I've never been great at acceptance. Tonight's a night I have to accept it.  But knowing me, I'll wake up tomorrow to dream again.

Wednesday, November 06, 2013


Sometimes, if I'm driving on Sunday morning, I catch a bit of the TED radio hour on NPR.  The program this Sunday, and the one the link is for, is about success.

It was an interesting hour - Tony Robbins talking about drive; a woman who won a MacArthur Genius grant for studying grit; Alain de Botton on how overrated the idea of success is - or what a trap it is.  Many voices.  During de Botton's talk, he mentioned how success in anything and family/relationships are opposed to each other - that people with healthy relationships cannot be fabulously successful, and vice versa. One of the two suffers.

Laying aside where this information comes from, or even if it is correct, my big question is why we ask these questions or come up with these theories.  Every day there is a new article about the habits of successful people, what they do and don't do, what they can have an can't have.  I read an article recently about how writers cannot be good parents.  Of course, the subjects were all straight men, and more than a few alcoholics, but the takeaway was that writers could not be good parents.  Once again, whether or not, from the random sampling of alcoholic mid-century men they drew from, is true - what's the point of asking the question?  At the end of it is the idea that there are limits to what can be done, that some things are not possible, that you cannot strive to have a balanced life, have healthy relationships, and be successful in an endeavor you choose.

To be fair, they were speaking of ridiculously "successful" people - titans of industry and scions of the arts. Still, though, what does an answer, even if it's flawed, lead us to?  Another metric to judge your own progress, and another way to evaluate you own choices?  Most of it does not lead to good valuation, and a good deal of it leads to a book purchase.  A book purchase like "Don't just do something, sit there", a manifesto for slow living.  We now need books to tell us how to slow down, to not take it so seriously, and wish we had the the idea to write a book about just chilling out so we could have become a rich, successful author. I'm sort of joking.

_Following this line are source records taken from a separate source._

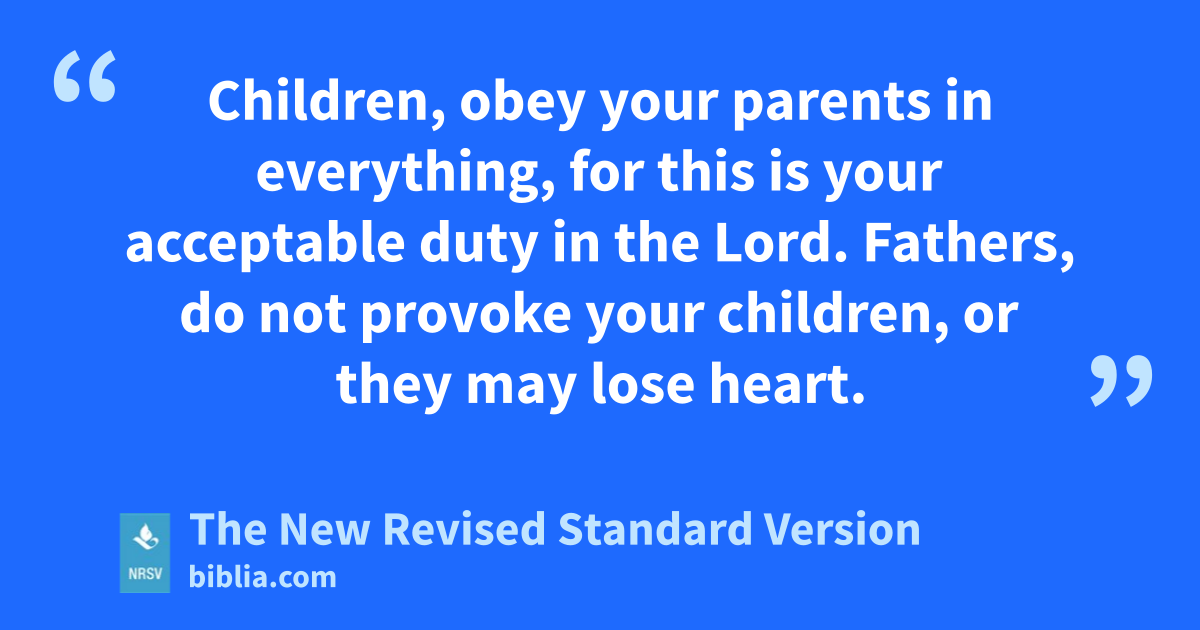 Children, obey your parents in everything, for this is your acceptable duty in the Lord. Fathers, do not provoke your children, or they may lose heart.
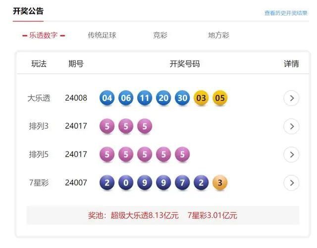 该期“排列5”全国销售金额23,056,924元,一等奖中奖注数井喷,有5966注,单注奖金84034元,应派奖金合计501,346,844元。该期开奖公告称:“0.00元奖金滚入下期奖池”,意味着奖池被清零。
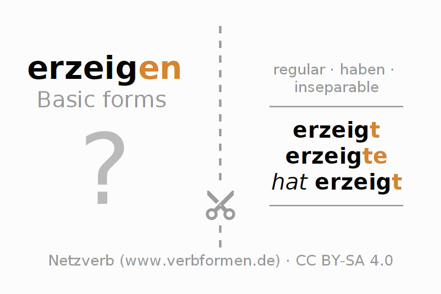 Worksheets are used generally for the conjugation of the verb erzeigen in teaching. The materials can be used as Open Educational Resources (OER) for exercises, for games and as Tasks (CC BY-SA 4.0). There are many different types of tasks available for the verb erzeigen. These are overview sheets with complete conjugation, puzzles and games that require joint learning. The entire educational material is available for free as a PDF download, as pictures and as an interactive browser version. In addition to the tasks, countless examples for erzeigen also provide an aid to using the verb.
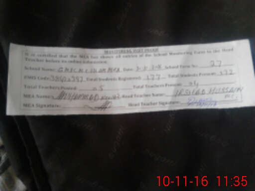| Attendance Register | Head Teacher | MEA with School | Visit Proof |
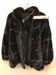 Mink jacket with striped design, black, includes matching scarf. Mink jacket with striped design, black, includes matching scarf.

Maybe it's study fatigue, but truly being successful might be listening to yourself and where you're pointed, rather than someone saying what is and isn't possible.  There have been many artists with tortured family lives, and there have been many with brilliantly happy ones. There are awful people who are great successes, and wonderful people who are.  And there are wonderful unsuccessful people and awful ones, too.  No random survey can tell you what's possible, or what works for you.

In the end the program does make you look at what the idea of "success" is, and I'm glad they discussed it. Some restless spirits seem to never have enough, and what would look like "success" to a passerby looks to them like dismal failure. Others feel great just where they are.

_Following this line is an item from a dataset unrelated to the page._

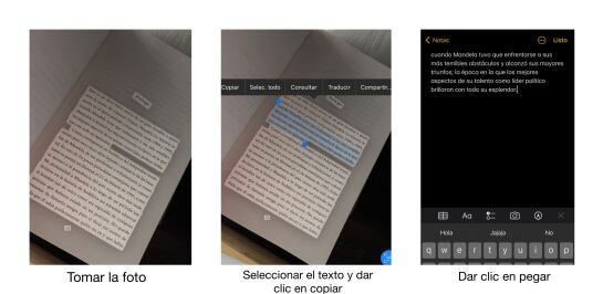 Proceso de reconocimiento de texto en fotos en iPhone
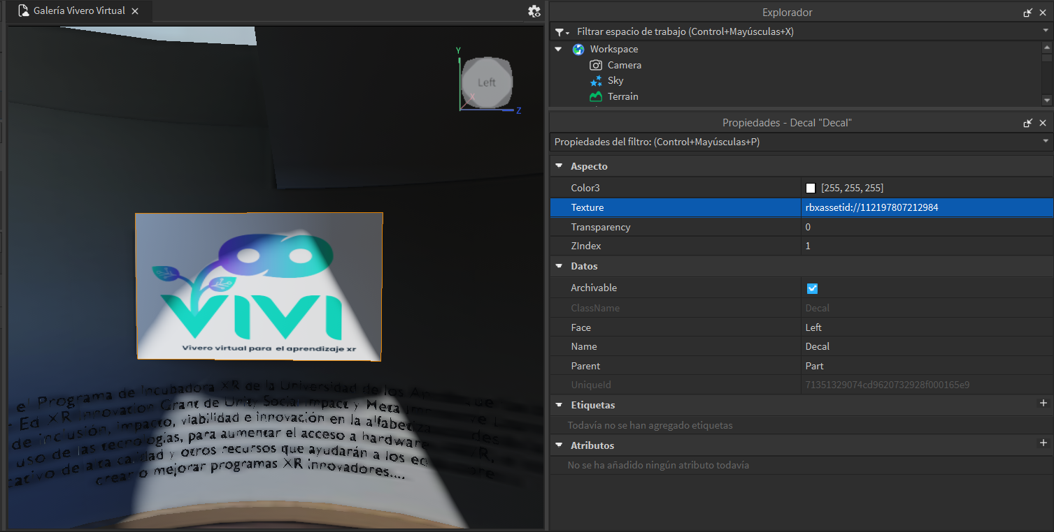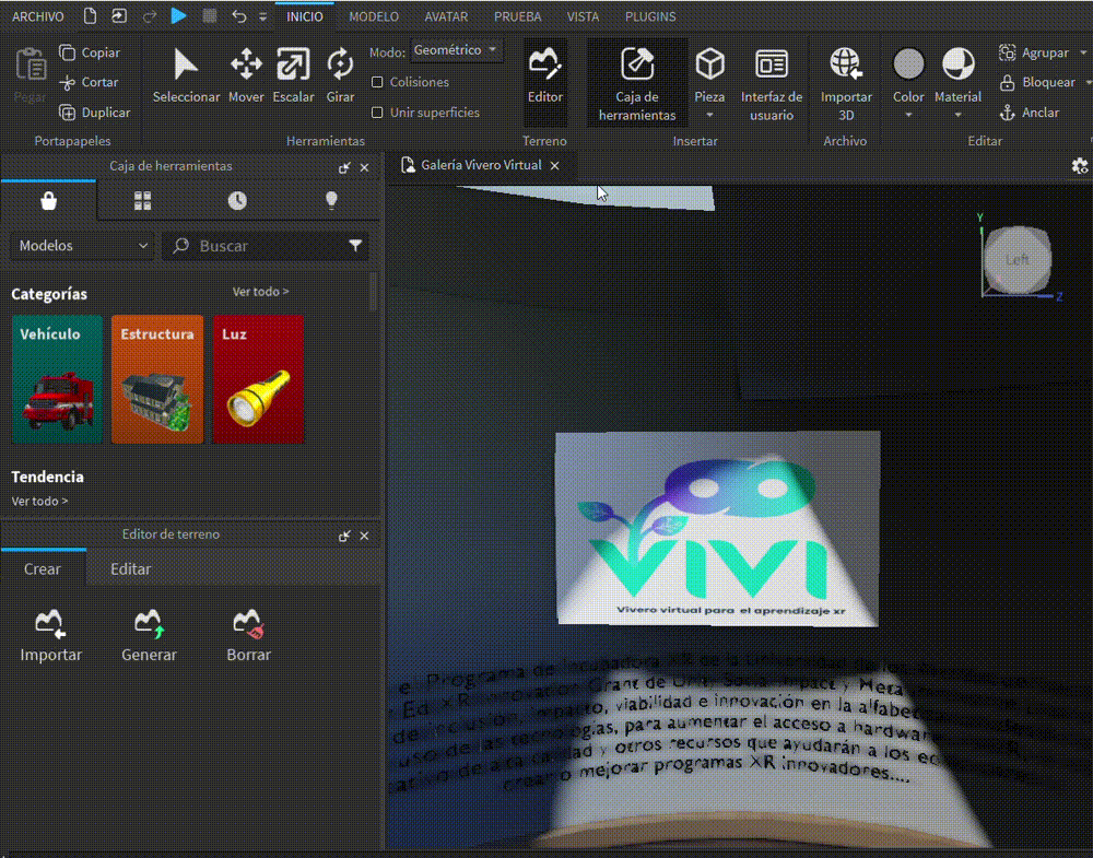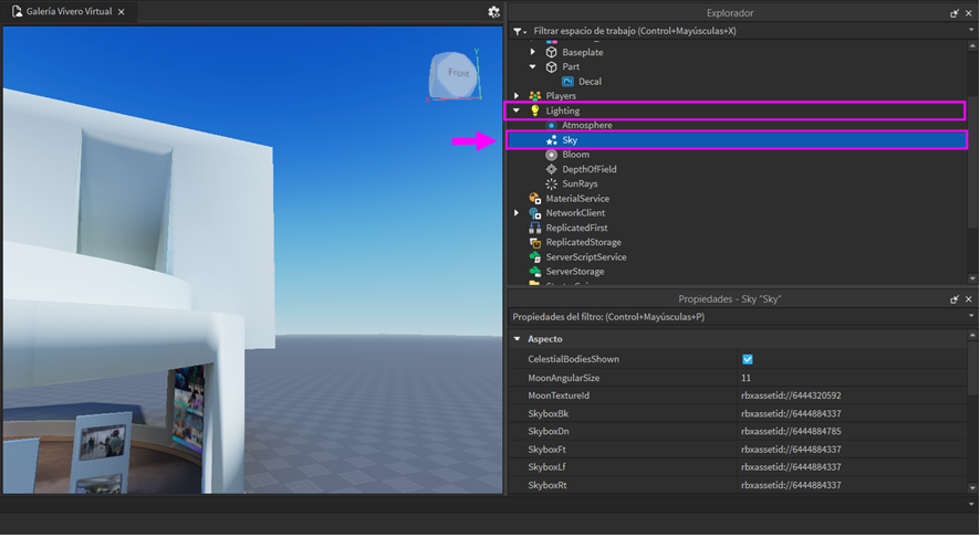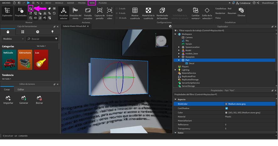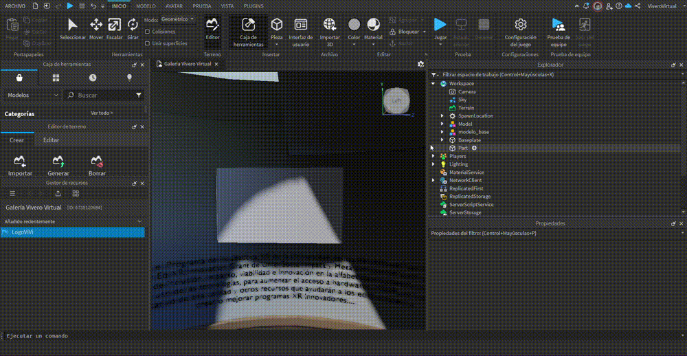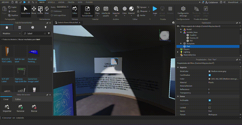 En este codelab, aprenderás a crear una galería virtual inspirada en el Vivero Virtual utilizando Roblox Studio. A lo largo de este ejercicio, importarás elementos como imágenes 2D, objetos 3D, texturas y un skybox (imagen 360°). El resultado final será un escenario interactivo en el que los usuarios podrán explorar tu galería. Aunque trabajaremos con varios elementos, deberás seleccionar al menos uno de ellos para personalizar, pero puedes experimentar con todos si lo deseas.

There was a 75 year study on happiness and what makes people thrive released by Harvard this year. Sadly, all the subject were men, but it started in 1938, so a different time.  In the end, it seemed that "success" in life boiled down to "warm personal relationships."  It also mentioned how destructive alcoholism was, and the role parents play.  And even though I like this study, I still don't know what we'll know from the question.  We keep finding out what in our hearts we know already.  We even have aphorisms - 'money can't buy happiness', 'all you need is love', 'be here now'.

I guess, if nothing else, it keeps us busy, right?